I’ve come to realize that I’m doing too much, too much of the thinking and less of the physical process of actually doing. Not enough writing down my thoughts when they shot through me like a bullet being pressed through a barrel in a gun. Every thought that crosses my mind I have no desire to write anything down. I don’t want to open the notebook that is pressed with ink of every color, marks of pencil and stains of led from the eraser that didn’t do its job correctly. Scribbles or random laughs, moments that I’ve enjoyed to read and eventually would have blogged are no longer an interest to my creative mind.
This feeling of being overwhelmed by life and being pulled in every direction has caused much of my anxiety these few months. The last time I decided to blog was in July and I haven’t since felt the urge to taste my creative thoughts to pen to paper. Learning to say no others and learning to take extra care for my personal time and space is much more rewarding then always trying to save help and fix everyone else’s life issues. Especially when I can’t even place a finger on my own personal life issues. I’m constantly trying to figure out other peoples simple and non-productive problems. Their drama, that is very much of an emotional drainage that my mind can’t take or want to keep up with.
Now that I’ve finally found a place of comfort and a sense of balance and time for myself, by myself I’ve come to realize that NOT writing has caused a type of stress of not releasing my feelings, emotions and thoughts of this world is important for the pure sanity of this life of mine. Writing helps me to clear my head and helps me to get through this stressful and not so kind world.

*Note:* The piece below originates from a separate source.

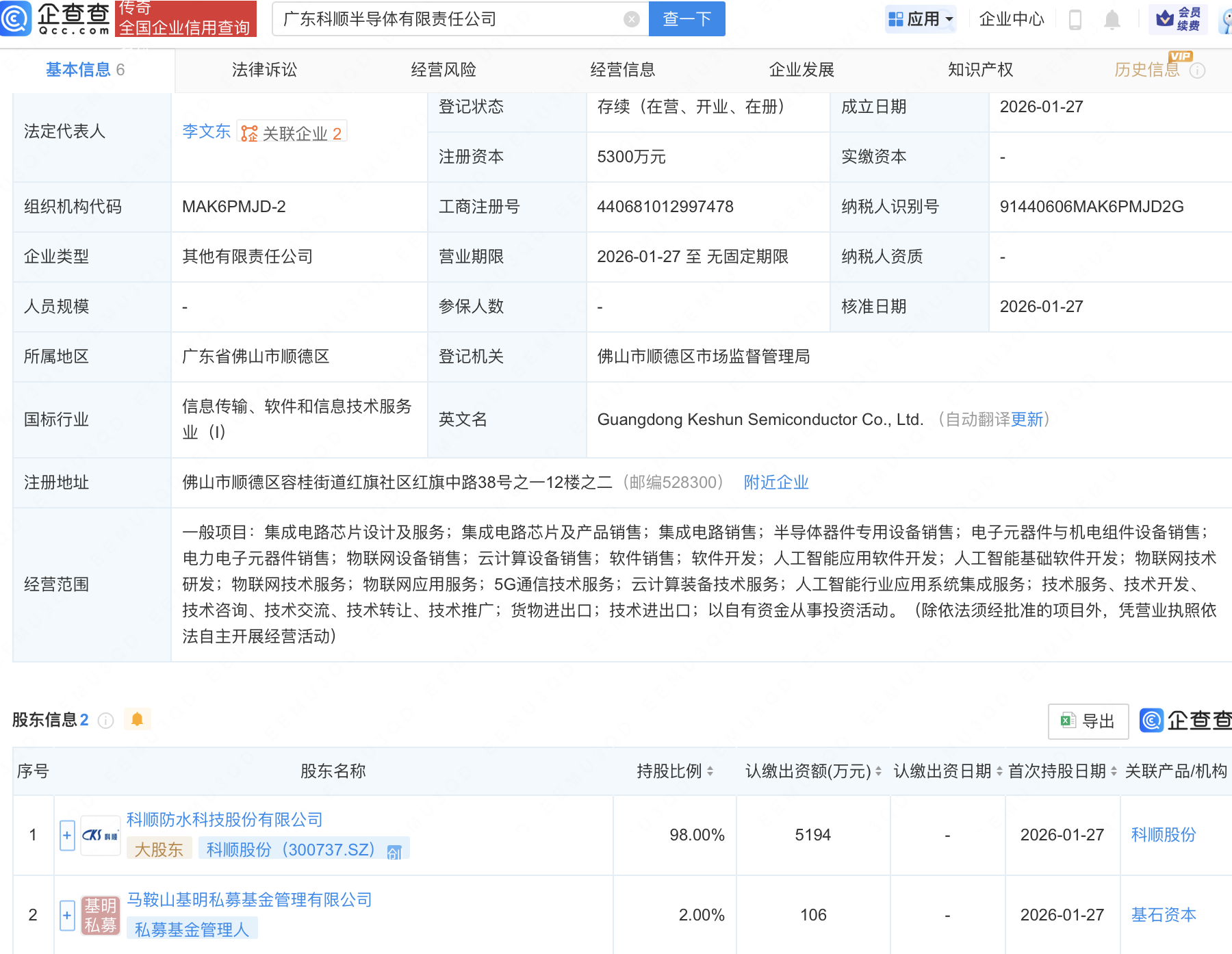 企查查APP显示,近日,广东科顺半导体有限责任公司成立,注册资本5300万元,经营范围包含:集成电路芯片及产品销售;半导体器件专用设备销售;人工智能应用软件开发;人工智能基础软件开发;物联网技术研发等。企查查股权穿透显示,该公司由科顺股份(300737)等共同持股。
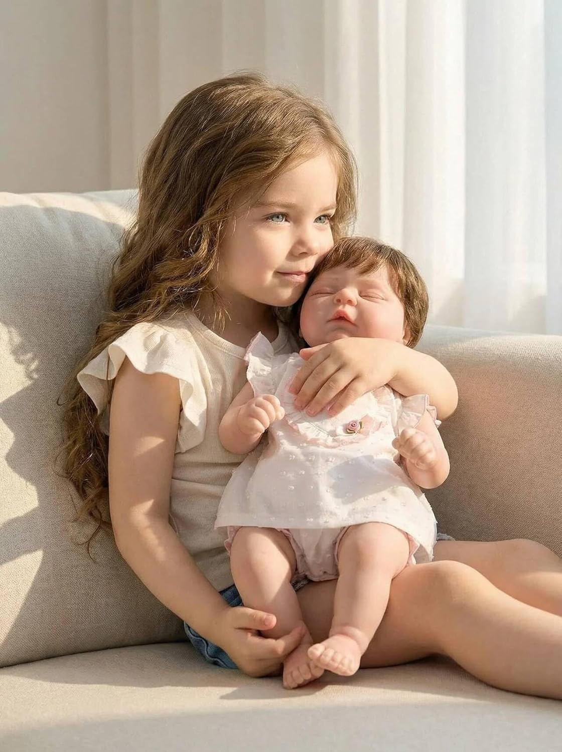 Our cute and lifelike reborn dolls are made of high quality materials (silicone vinyl, clothes, fiber hair, and other haccessories materials ), safe, non-toxic for your kids, pure environment-friendly materials with gentle and comfortable touch. The doll will come with outfits. Cute face, vivid expression, long and curled eyelashes, a pale peaches and cream complexion, natural pale pink lips, Adopted her. This little girl is so stunning and lovely that you will never want to put her down She fits into newborn sized baby clothing and is a lovely little girl. She is approximately 20 inches long and has Full Arms and Full Legs. Her body is a flesh coloured doe suede body and her arms, head and legs can be gently turned. Conforms to the safety requirements of ASTM F963 and EN71 for ages 3+ Application: Wedding gifts, Birthday gifts, festival gifts, children playmates, the elders' accompany toy dolls, collect lovers' collections , for nursing ect. Cloth body: It's all about the softness! The babies' shoulders and body are made of high-quality cotton, and the interior is filled with PP cotton; the arms and legs are made of gentle and confortable touch vinyl, and the limbs are not detachable. These dolls have no gender. They can sit and lie down easily but can't stand or take a bath.

Being able to express myself, writing is a type of creative art that I’ve come to enjoy and not being able to do so I’ve felt like; am I losing my sense of balance? My sense of priorities and my sense of what’s really important? Am I being carried away by temporary reactions by destructive emotions? So I’ve decided when stressed and when life is taking a toll on me emotionally, to write. Even if I have nothing to write at that very moment, eventually something creative will appear and it will become a lot easier as time elapses.